# More Gracie Pics



## Bea (Jul 26, 2007)

Gracie started her day with a drink of cool water (she got first sip, no fair)









Followed by some cuddles


























*fluff*

Then she decided she was a little sleepy









And so she sat next to her favourite speaker for a nap


















Or at least she tried to have a nap, some annoying person kept poking a camera in her face 


















Once she woke up again (by choice, not because there was a camera) she climbed up to my shoulder


















Had a preen


















And MORE cuddles 


















Isn't she just so gorgeous?! I'm totally in love with this snuggly little girly, she's a complete sweetie pie!


----------



## Aly (Jul 30, 2007)

She is SO photogenic!!! I love the head scritch pics and the one with her head tucked in....Can I have her!!! Also loving the really bright orange cheeks!


----------



## Boomberry (Jul 30, 2007)

I coming to get her - she is adorable.


----------



## lizaveta (Sep 28, 2007)

That bird should be a model  She is so beautiful.


----------



## birdieness (Jul 28, 2007)

>



Oh my gosh, i love this picture, Beautiful.
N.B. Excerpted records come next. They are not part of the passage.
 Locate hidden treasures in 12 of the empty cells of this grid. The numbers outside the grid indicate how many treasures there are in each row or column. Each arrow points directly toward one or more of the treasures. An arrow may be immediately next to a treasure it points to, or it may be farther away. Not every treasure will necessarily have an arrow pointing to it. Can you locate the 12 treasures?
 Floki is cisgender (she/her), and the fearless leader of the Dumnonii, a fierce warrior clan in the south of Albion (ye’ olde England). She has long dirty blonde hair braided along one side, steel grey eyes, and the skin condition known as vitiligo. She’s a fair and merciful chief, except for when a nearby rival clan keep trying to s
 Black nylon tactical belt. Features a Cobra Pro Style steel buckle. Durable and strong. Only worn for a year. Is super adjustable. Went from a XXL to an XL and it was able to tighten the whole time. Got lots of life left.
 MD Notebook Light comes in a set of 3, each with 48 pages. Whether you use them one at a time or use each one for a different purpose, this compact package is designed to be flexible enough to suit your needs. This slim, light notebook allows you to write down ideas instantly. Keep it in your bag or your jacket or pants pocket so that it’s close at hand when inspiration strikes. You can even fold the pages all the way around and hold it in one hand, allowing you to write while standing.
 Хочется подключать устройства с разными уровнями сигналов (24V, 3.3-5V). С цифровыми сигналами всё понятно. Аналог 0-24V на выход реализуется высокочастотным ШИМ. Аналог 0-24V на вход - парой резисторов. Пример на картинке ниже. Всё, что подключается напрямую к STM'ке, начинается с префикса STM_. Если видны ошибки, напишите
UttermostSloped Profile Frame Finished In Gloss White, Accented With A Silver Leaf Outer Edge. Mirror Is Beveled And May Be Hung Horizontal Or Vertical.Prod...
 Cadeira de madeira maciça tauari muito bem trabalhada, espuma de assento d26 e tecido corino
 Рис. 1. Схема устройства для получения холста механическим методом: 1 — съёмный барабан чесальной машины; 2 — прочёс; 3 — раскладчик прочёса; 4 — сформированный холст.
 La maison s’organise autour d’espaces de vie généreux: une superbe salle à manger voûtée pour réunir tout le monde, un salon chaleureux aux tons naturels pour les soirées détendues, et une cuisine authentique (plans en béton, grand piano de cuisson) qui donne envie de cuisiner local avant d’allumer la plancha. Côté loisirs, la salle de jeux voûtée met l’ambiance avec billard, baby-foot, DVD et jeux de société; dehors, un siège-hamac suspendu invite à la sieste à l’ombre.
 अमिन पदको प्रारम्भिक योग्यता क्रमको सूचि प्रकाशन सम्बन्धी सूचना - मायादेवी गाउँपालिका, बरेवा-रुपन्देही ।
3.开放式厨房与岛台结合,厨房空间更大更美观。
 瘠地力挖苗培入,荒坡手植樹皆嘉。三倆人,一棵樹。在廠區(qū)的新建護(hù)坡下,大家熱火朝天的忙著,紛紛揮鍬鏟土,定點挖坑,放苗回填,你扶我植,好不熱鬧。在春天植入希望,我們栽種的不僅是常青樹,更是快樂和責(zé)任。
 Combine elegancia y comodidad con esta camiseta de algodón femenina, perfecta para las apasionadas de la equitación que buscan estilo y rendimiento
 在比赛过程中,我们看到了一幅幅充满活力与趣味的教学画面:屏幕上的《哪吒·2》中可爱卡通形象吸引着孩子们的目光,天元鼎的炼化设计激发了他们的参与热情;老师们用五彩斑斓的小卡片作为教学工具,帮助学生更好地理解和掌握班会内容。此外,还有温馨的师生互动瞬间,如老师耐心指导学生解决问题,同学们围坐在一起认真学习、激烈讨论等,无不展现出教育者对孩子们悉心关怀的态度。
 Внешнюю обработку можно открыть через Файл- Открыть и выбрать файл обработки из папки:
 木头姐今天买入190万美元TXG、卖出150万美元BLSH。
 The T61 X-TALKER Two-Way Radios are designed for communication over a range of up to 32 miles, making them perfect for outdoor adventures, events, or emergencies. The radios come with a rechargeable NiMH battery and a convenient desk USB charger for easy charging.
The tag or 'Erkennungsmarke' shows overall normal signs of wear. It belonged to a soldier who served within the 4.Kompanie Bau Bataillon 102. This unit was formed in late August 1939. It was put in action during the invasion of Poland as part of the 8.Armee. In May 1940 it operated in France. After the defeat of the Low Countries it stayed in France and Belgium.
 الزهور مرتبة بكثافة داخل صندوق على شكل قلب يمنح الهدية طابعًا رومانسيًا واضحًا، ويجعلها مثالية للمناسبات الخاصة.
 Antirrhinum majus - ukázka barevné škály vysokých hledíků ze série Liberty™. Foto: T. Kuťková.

She is a very pretty birdie


----------



## Riebie (Jul 29, 2007)

Oh she is way too adorable!!! I love her to bits!


----------



## Laura (Jul 30, 2007)

She looks like an absolute joy to be around, she looks so sweet and cuddly you must just be thrilled with her Bea


----------



## Rosie (Aug 27, 2007)

She is just stunning, and some of those pictures you should enter into competitions they are just so beautiful. You are so lucky...


----------



## Mal (Oct 24, 2007)

WOW BEA that is amazing...she is SO photogenic...amazing...GOOD JOB!!!!!!!!!1


----------



## Bea (Jul 26, 2007)

Thanks guys!! She's awesome. She absolutely loves cuddles and kisses. I'm so happy with how fast she's settled in.


----------



## Mal (Oct 24, 2007)

Awsome That is great!!!!!!!! So SO happy for you bea!!!!!!!!!!!


----------



## xxxSpikexxx (Jul 30, 2007)

Thats great  she is too sweet.


----------



## birdboykaufman (Nov 15, 2007)

Sooo cute. Just make sure not to turn the speaker up to loud while shes there...LOL


----------



## Serenity (Aug 16, 2007)

I agree, the camera loves her.  I particularly like the picture that birdieness quoted.


----------